Jaw Joint and Dental Troubles
Many of my clients find their headaches and their temporomandibular joint go together. The headache may be caused by their dysfunctional jaw joint. Their jaw troubles may aggravate an existing headache problem.
Splints or mouthguards may help you to combat a clenching problem that may cause you to grind down upon your temporomandibular joint. A clenching problem may show that you have an issue with the next area we will look at.
Manage Your Stress.
Internal, emotional stress is a primary trigger for both migraine and tension headaches. Decrease your stress and your headaches will likely subside as well. Use techniques described in earlier articles for diaphragmatic breathing and other stress reduction techniques.
Cognitive behavior therapy may help to decrease your stress response from what you have going on around you. Professional therapists, health psychologists and counselors can help you go beyond your current coping capability with stressful situation.
We take in a wonderful world with our five senses that we largely take for granted. We may also, however, take in a terrible headache as well.
Bright lights, sharp noises, scents such as perfumes may trigger reactions within us that lead to a migraine. You most likely know by now which sensory triggers, if any, belong to you.
Food and Drink
You are what you eat. Have you ever heard that before? That axiom applies to headaches as well. The “hot dog headache” afflicts some people. Hot dogs, sausage, pepperoni with their nitrates flare up headaches.
Remember, you will have a delayed reaction of about 4-18 hours from when what you eat will show itself as a headache.
Soda may be your nemesis. The dark sodas are particularly troublesome, as your system may react to aspartame or sucralose.
Alcohol may be part of your mix of headache triggers. Your sensitivity to alcohol may be such that some types trigger ferocious headaches whereas other varieties leave you in peace.

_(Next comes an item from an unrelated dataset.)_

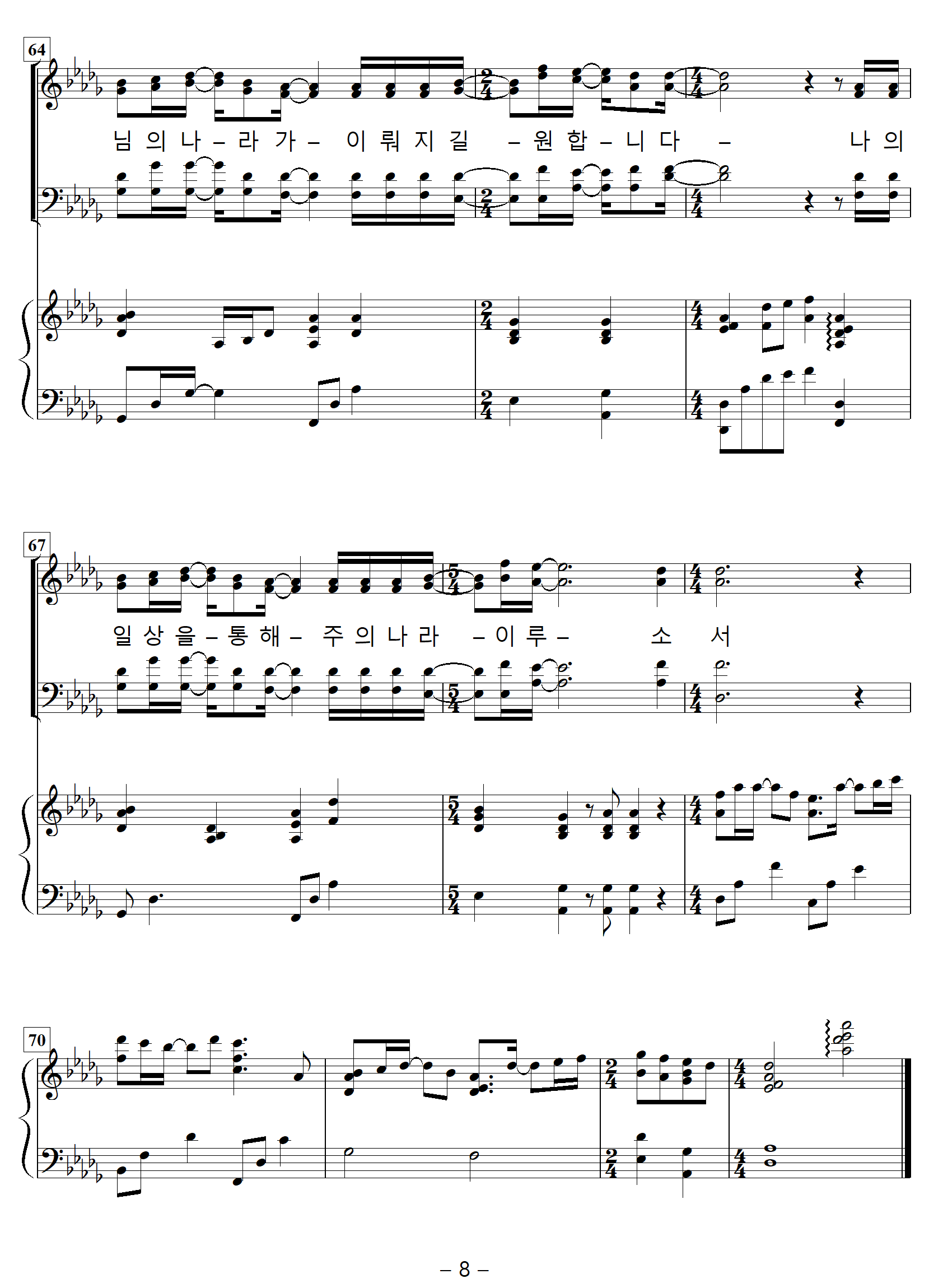 | 저작권자 손경민 목사님은 악보를 무료로 배포하고 계십니다. 고마운 마음에 후원하실 분은 아래 계좌로 후원해 주시기 바랍니다. 후원계좌 하나은행 659-910515-17207 손경민 |

So much for the “unhealthy” triggers. How about the “healthy” triggers? Salads and salad dressing with their multiple preservatives may trip your trigger. Sugary fruit juices and overripe fruit may destabilize you blood sugar balance. Many migraine brains do not appreciate blood sugar fluctuations.
Caffeine may alternatively help you or hurt your headache profile. You may do just fine with a cup of coffee. Just do not follow it up with a third or fourth cup!
Medication Side Effects
We take in more than just food and drink. Our medications and supplements are also ingested and may do an exemplary job in correcting the health problem they were meant to address. However, in doing so, they may set off a cascade of chemical reactions under the surface that emerge as headaches.
This article is not meant to point out the known side effects of various medications. That chore is for your physician and pharmacist to help sort out. You simply need to be aware that your medications may have a real effect on your headaches.
Take Charge of Your Headache
Do any of these factors mentioned above resonate with you? It is my hope that you can explore further avenues to manage your headaches.
Use previous articles within these blogs, or my book Calming the Headache Storm, or seek out a practitioner who can help you sort out these issues to give you a better path forward.
-You understand that if not done properly, some techniques and exercises described in this blog could harm you. Any activities you perform are at your own risk, and you expressly agree to waive any claims against the author for any harm that may arise from your own actions. By reading this blog and conducting these exercises, you accept this risk. This blog provides content related to physical and/or mental health issues. As such, your use of techniques described acts as your acceptance of this disclaimer.
-Consult Chapter 2 in my book, “Calming the Headache Storm” to make sure the headache is not the sign of a more serious problem. The techniques, advice and strategies contained in this blog may not be suitable for every individual and should be abandoned if your headache increases. Seek the advice of your physician.